Static Method Reference as Comparator

Before You Start

Check each box you can do from memory. A box you cannot check yet is not a problem; it points you to a quick refresher, not a grade.

• I can write a lambda as a Comparator and state what the two parameters represent.
• I can explain target typing: how a lambda receives its functional-interface type from context.
• I can call a static method on a class (such as Integer.compare(a, b)) and describe what the return value means.
• I can state what makes a method static versus an instance method.

Try This First

The lambda (a, b) -> Integer.compare(a, b) sorts integers ascending. It takes two arguments, calls one static method, and returns its result directly. Before reading further: guess a shorter way to write this that names the method without wrapping it in a lambda body.

What You Need To Walk In With

The Insight: A method reference is a lambda with no new body: it names an existing method and says “use that method’s code as the body.” When a lambda body is nothing but a single method call that passes all parameters through unchanged, a method reference is the exact compressed form. The code communicates intent more directly, because the method name says what comparison is being performed.

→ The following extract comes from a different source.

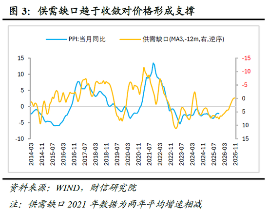 其一,供需缺口呈收敛态势。价格本质上是供需相对变化的体现。为此,我们构建供需缺口指数,以制造业投资增速表征供给,以社零、非制造业投资及出口增速综合表征需求,两者之差即为供需缺口。历史数据显示,该指数对PPI同比具有约12个月的领先性,且两者反向变化。自2024年底以来,供需缺口已从高位回落,这预示着未来物价回升具备一定的基本面基础(见图3)。
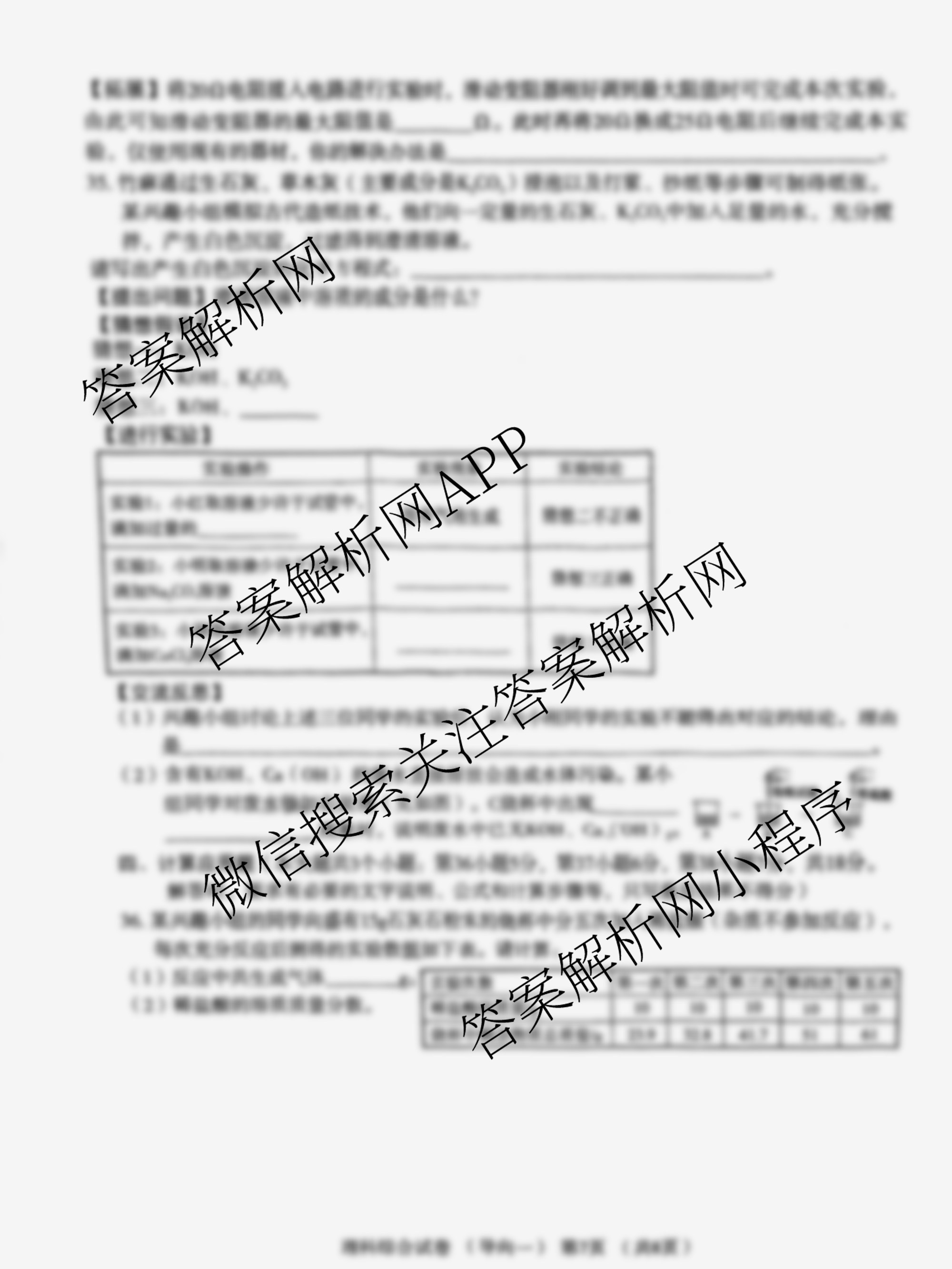 - [九年级]文博志鸿·2023年河北省初中毕业生升学文化课模拟考试(导向一)化学答案

To use this fluently, you need to be able to read ClassName::staticMethodName and know it is not a call but a reference to a function: the arguments will be supplied later by whoever calls the comparator. You also need to know the difference between a static method (owned by the class) and an instance method (owned by an object), because that distinction determines which form of method reference is appropriate. You can: write Integer::compare as a drop-in comparator for ascending integer sort, recognize why int::compare fails to compile, state that the method reference and the equivalent lambda produce identical bytecode, and choose Comparator.reverseOrder() for descending order without resorting to argument-swapping tricks.

How It Works

Static method reference syntax

ClassName::staticMethodName is a static method reference. It names a static method and packages it as a value whose type is inferred from the target context.

For Arrays.sort(intArray, Integer::compare):

• The target type is Comparator<Integer>, requiring int compare(Integer a, Integer b).
• Integer.compare(int a, int b) is a two-argument static method returning int.
• The shapes match: the method reference compiles.

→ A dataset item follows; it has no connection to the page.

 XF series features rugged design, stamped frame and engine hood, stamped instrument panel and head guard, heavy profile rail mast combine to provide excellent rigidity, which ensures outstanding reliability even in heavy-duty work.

The canonical forms for numeric ascending sorts:

Arrays.sort(integerArr, Integer::compare);    // Integer[]
Arrays.sort(longArr,    Long::compare);       // Long[]
Arrays.sort(doubleArr,  Double::compare);     // Double[]
Arrays.sort(boolArr,    Boolean::compare);    // Boolean[]

These are the safe, idiomatic replacements for the subtraction trick ((a, b) -> a - b), which is a dangerous antipattern covered in The Subtraction Trick and Why It Overflows.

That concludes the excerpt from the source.